People may not necessarily know they’re tapping into those tropes, Rowe added. And although many may associate them with U.S. history and culture, these stereotypes have a foothold outside of the United States.

For Nadia Brown, a professor of government and chair of the women’s and gender studies program at Georgetown University, Lennox’s arrest is part of “the same old, tired script” of how Black women are viewed in public spaces.

While this is true in many contexts, according to Brown — her research focuses on Black women in politics — airports can heighten feelings of being scrutinized, she said: “The airport is just one of those places where we know we’re all being surveilled.”

This is true not just of airport authorities, she said, but also of other staffers and travelers.

“Traveling while Black is always seen as highly suspicious,” Brown said.

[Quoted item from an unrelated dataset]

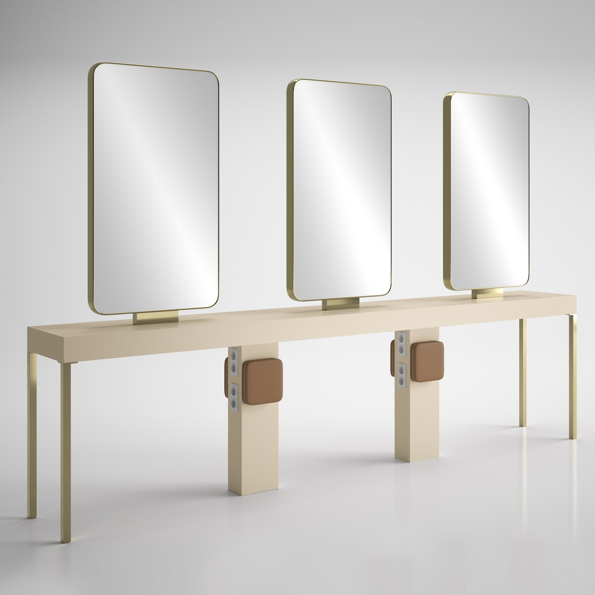 Металлические ножки и окантовка зеркал рабочего туалета выполнены в золотом, хромированном или черном цвете. Рабочий стол выполнен в ламинате.
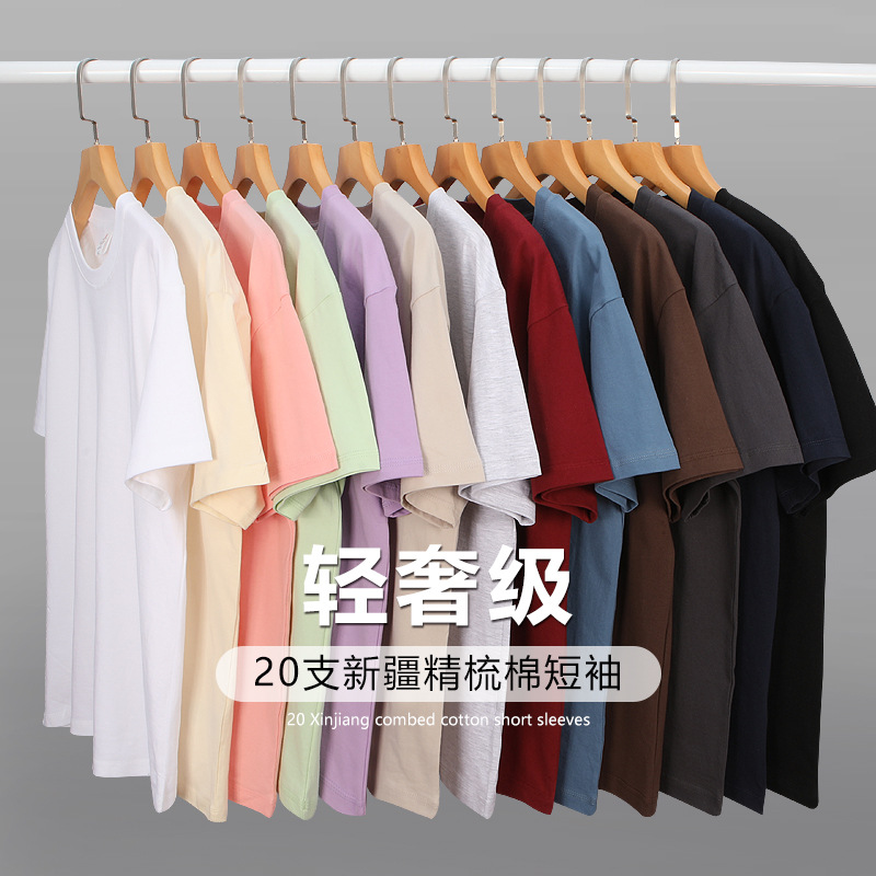 여름 남자 230g 헤비 코튼 반팔 티셔츠 남성용 느슨한 단색베이스 셔츠 패션 브랜드 티셔츠 화이트 의류스토어 가기

This taps into a longer history of Black people being explicitly restricted when traveling, she said, such as during Antebellum slavery, when they needed to show documentation that they had permission to be out or papers showing they were free.

That legacy continued through post-Reconstruction and the Jim Crow era, where segregation laws throughout the United States restricted travel for African Americans. Through the 1960s, Black people relied on the “Negro Motorist Green Book” to help them travel safely. The book outlined which motels, restaurants and service stations welcomed African American patrons: choices that could mean life or death for them.

What was the real Green Book? A crucial guide for for Black travelers during segregation.

Airline travel has added new dimensions to racial harassment. In recent years, Black women have alleged being discriminated against on flights for issues including their clothing and how they smell.

In Lennox, Brown sees a person who may have felt her body was surveilled for being “out of place.”

“It’s so, so familiar for Black women,” she said.

Brown questions the version of events relayed by KLM and Dutch authorities: If Lennox were emotional and even if she were drunk — why wouldn’t the response be to talk to her, rather than detain her?

For Brown, it comes down to a legacy of Black women being unfairly perceived as a threat: “How many other Black women have been detained for similar behavior — or a lot less?”